A new artificial intelligence (AI) tool from Google can now generate music in any genre from text prompts, and can even transform a whistling or humming melody into other instruments. According to Google Research, the technology, called MusicLM, is a text-to-music generation system. He works by analyzing the text and deciphering the scale and complexity of the composition.
“We present MusicLM, a model generating high-quality music from textual descriptions such as ‘a soothing violin melody backed by a distorted guitar riff,'” the research paper says. “We demonstrate that MusicLM can be conditioned by both text and melody, as it can transform whistling and humming melodies according to the style described in a text caption,” he added.
According to the paper, MusicLM was trained on a dataset of 280,000 hours of music to learn to generate coherent songs from textual descriptions and pick up nuances such as mood, melody and instrumentation. Its capabilities extend beyond generating short song clips.

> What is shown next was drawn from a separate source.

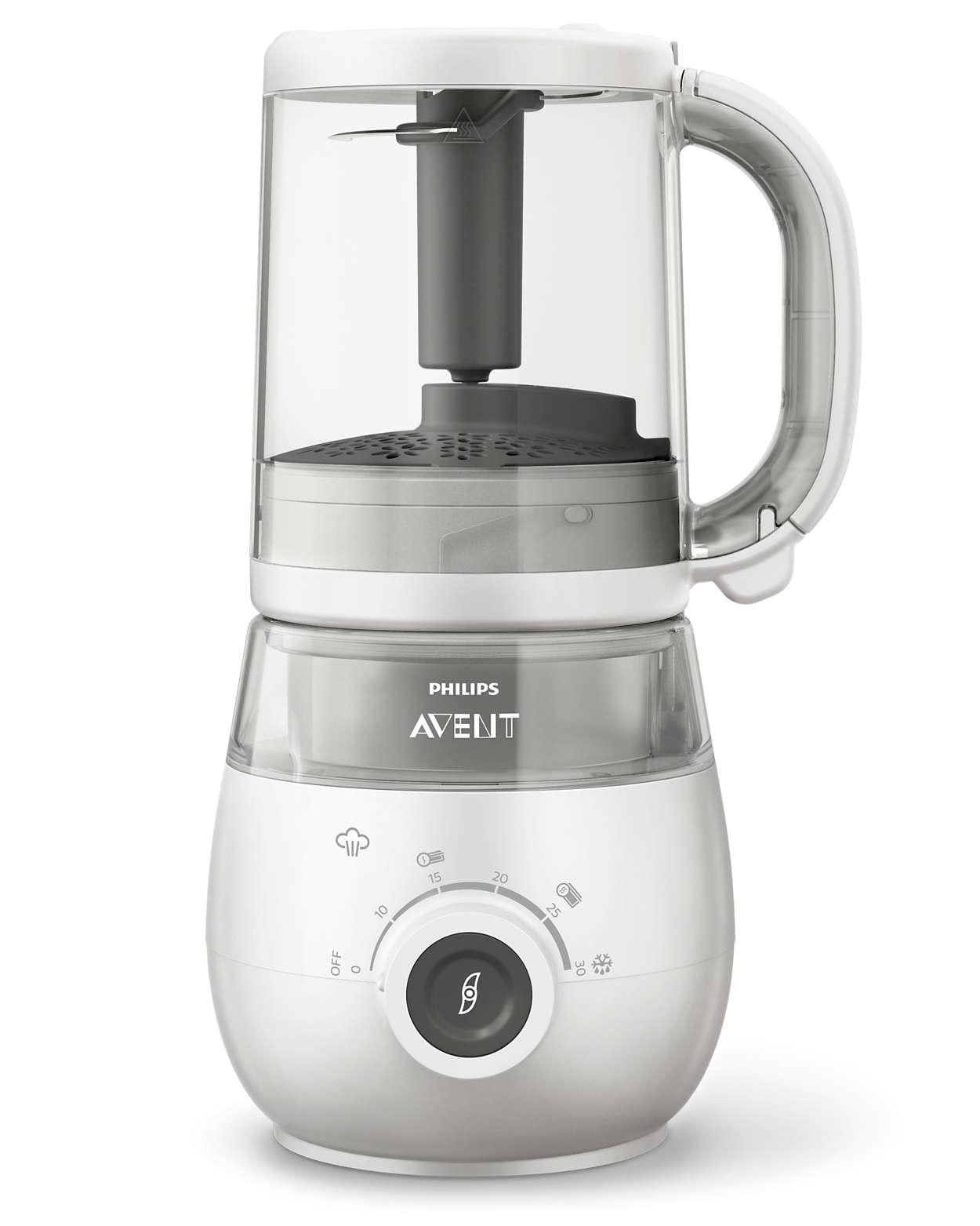 شما با دستگاه غذاساز کودک ۴ در ۱ فیلیپس اونت میتوانید همزمان ۴ عمل ( یخزدایی، بخارپزکردن، مخلوط کردن و گرمکردن) را فقط با یک دستگاه انجام دهید.
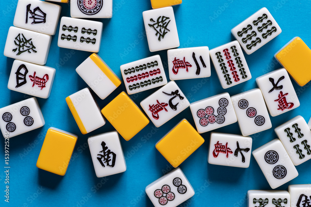 Fototapeta na wymiar - 青背景に並ぶマージャン牌 .

Google researchers have shown that the system can be based on existing melodies, whether hummed, sung, whistled or played on an instrument.
In addition, according to the research, MusicLM can also take several descriptions written in sequence—for example, “time to meditate,” “time to wake up,” “time to run,” and “time to give 100%”—and create something like a melodic “story” or narrative up to several minutes long. It can also be instructed by a combination of picture and caption, or generate audio that is “played” by a specific type of instrument in a specific game.
Also read | NASA’s Hubble Space Telescope discovers a black hole twisting a donut-shaped star
It should be noted that Google is not the first company to do this. According to TechCrunch, projects like OpenAI’s Jukebox or Riffusion, an artificial intelligence that can generate music by visualizing it, and Google’s own AudioLM have all tried their hand. However, due to technical limitations and limited training data, no one has been able to create songs particularly complex in composition with high fidelity. So the researchers believe that MusicLM is perhaps the first that can.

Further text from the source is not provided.